Exercise description
Copy the data verbatim and leave out every picture.

======== Given information ========

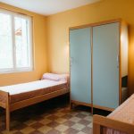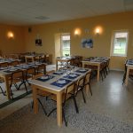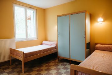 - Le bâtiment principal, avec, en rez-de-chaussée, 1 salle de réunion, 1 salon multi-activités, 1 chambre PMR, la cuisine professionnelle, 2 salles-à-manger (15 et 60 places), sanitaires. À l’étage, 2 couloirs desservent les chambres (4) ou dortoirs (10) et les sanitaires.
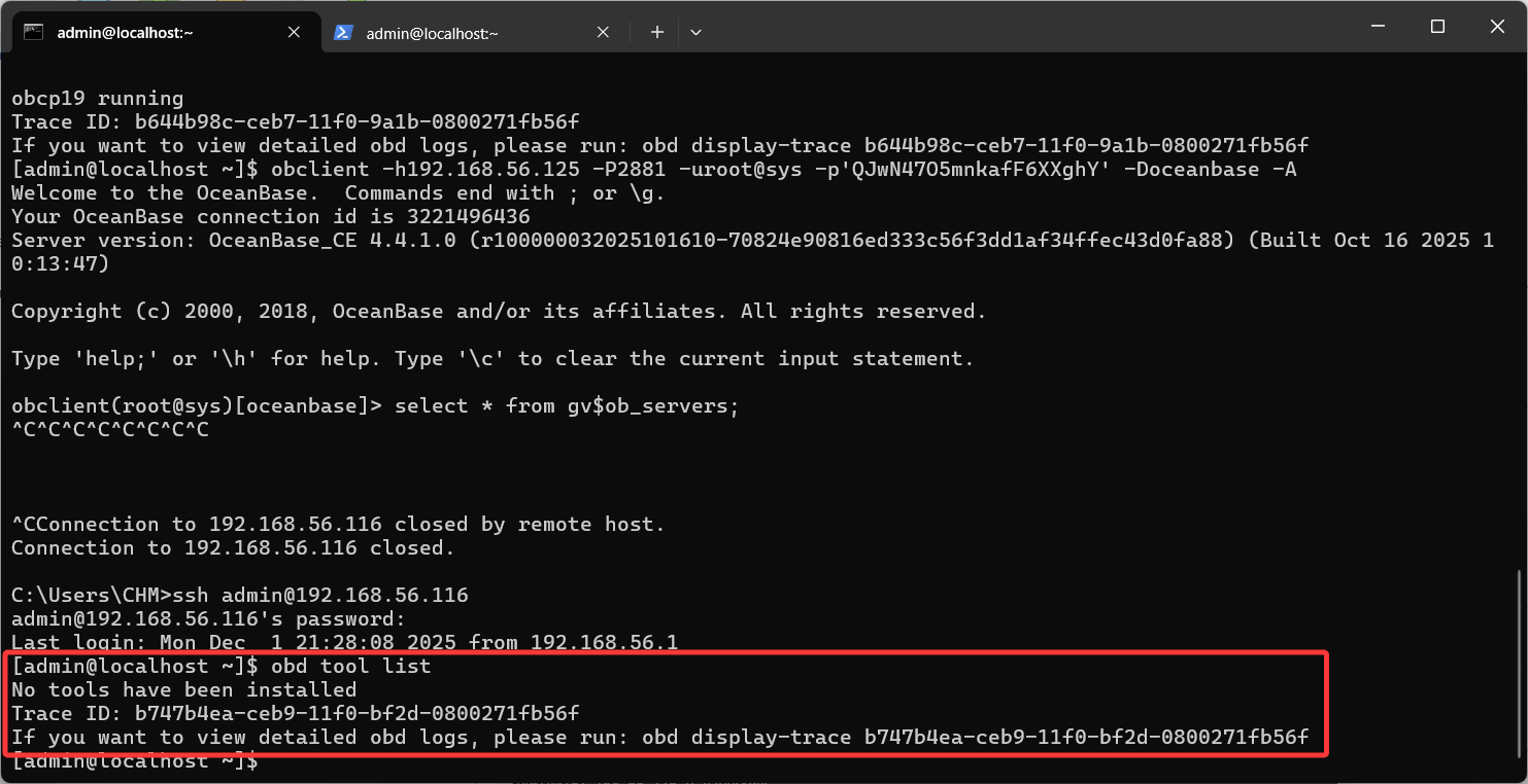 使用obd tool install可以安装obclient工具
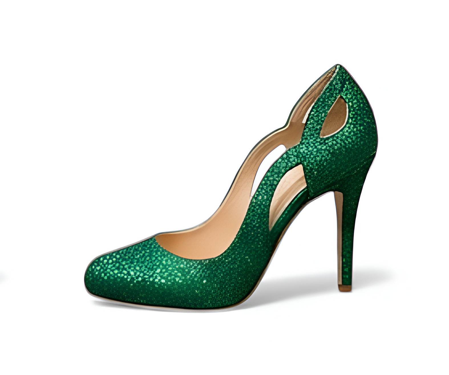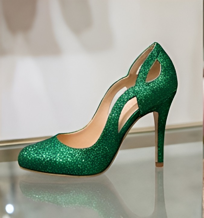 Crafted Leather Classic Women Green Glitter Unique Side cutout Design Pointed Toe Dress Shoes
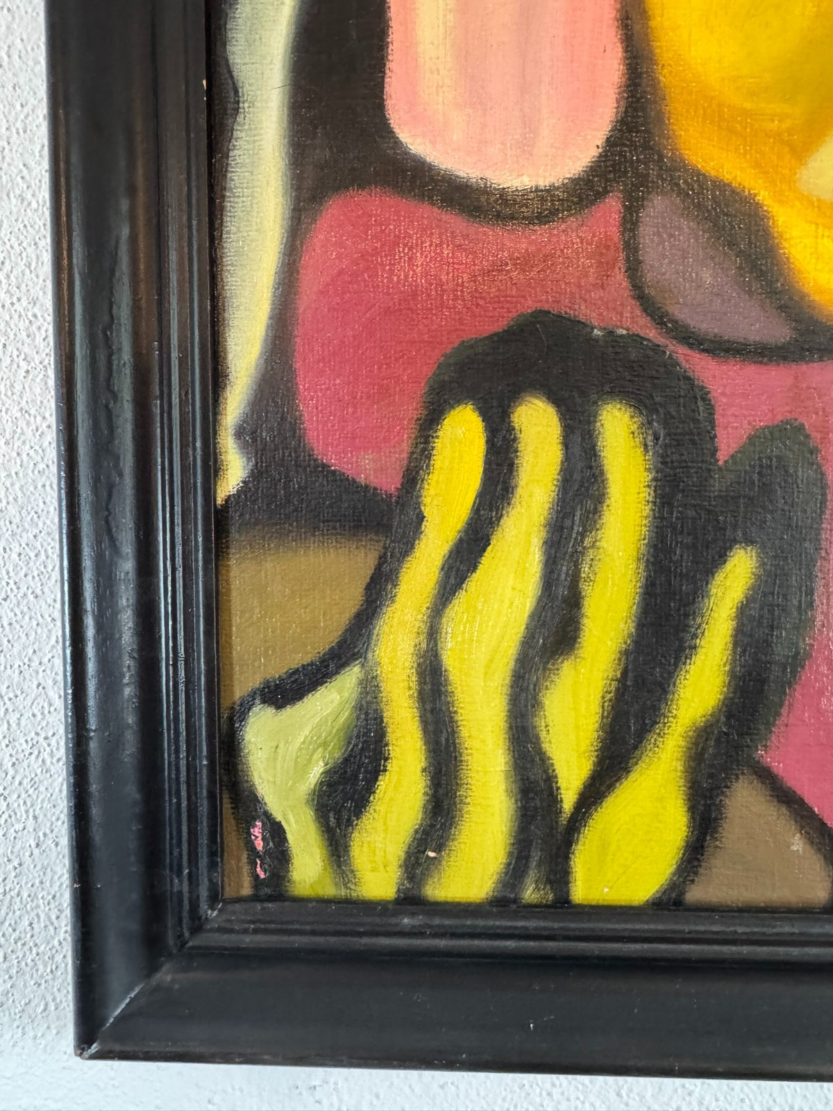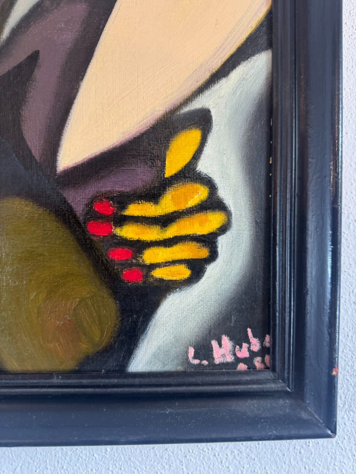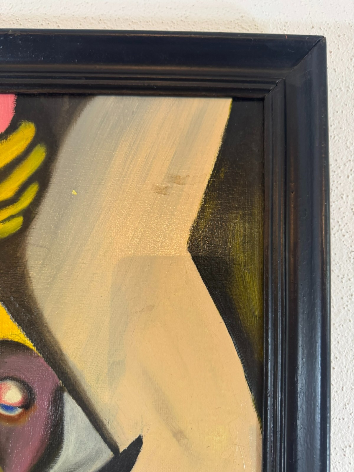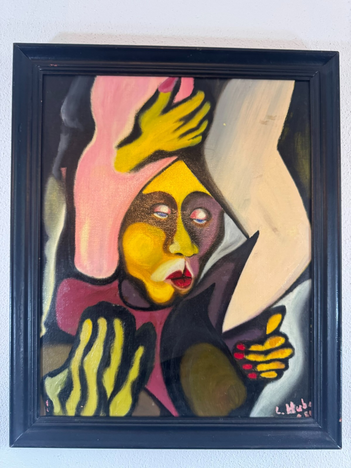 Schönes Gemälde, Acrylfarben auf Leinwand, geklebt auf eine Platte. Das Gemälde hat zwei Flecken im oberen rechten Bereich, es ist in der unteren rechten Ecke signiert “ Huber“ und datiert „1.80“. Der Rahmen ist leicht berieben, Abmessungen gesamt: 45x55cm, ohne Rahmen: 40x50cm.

========

Exercise result
 - Le bâtiment principal, avec, en rez-de-chaussée, 1 salle de réunion, 1 salon multi-activités, 1 chambre PMR, la cuisine professionnelle, 2 salles-à-manger (15 et 60 places), sanitaires. À l’étage, 2 couloirs desservent les chambres (4) ou dortoirs (10) et les sanitaires.
 使用obd tool install可以安装obclient工具
 Crafted Leather Classic Women Green Glitter Unique Side cutout Design Pointed Toe Dress Shoes
 Schönes Gemälde, Acrylfarben auf Leinwand, geklebt auf eine Platte. Das Gemälde hat zwei Flecken im oberen rechten Bereich, es ist in der unteren rechten Ecke signiert “ Huber“ und datiert „1.80“. Der Rahmen ist leicht berieben, Abmessungen gesamt: 45x55cm, ohne Rahmen: 40x50cm.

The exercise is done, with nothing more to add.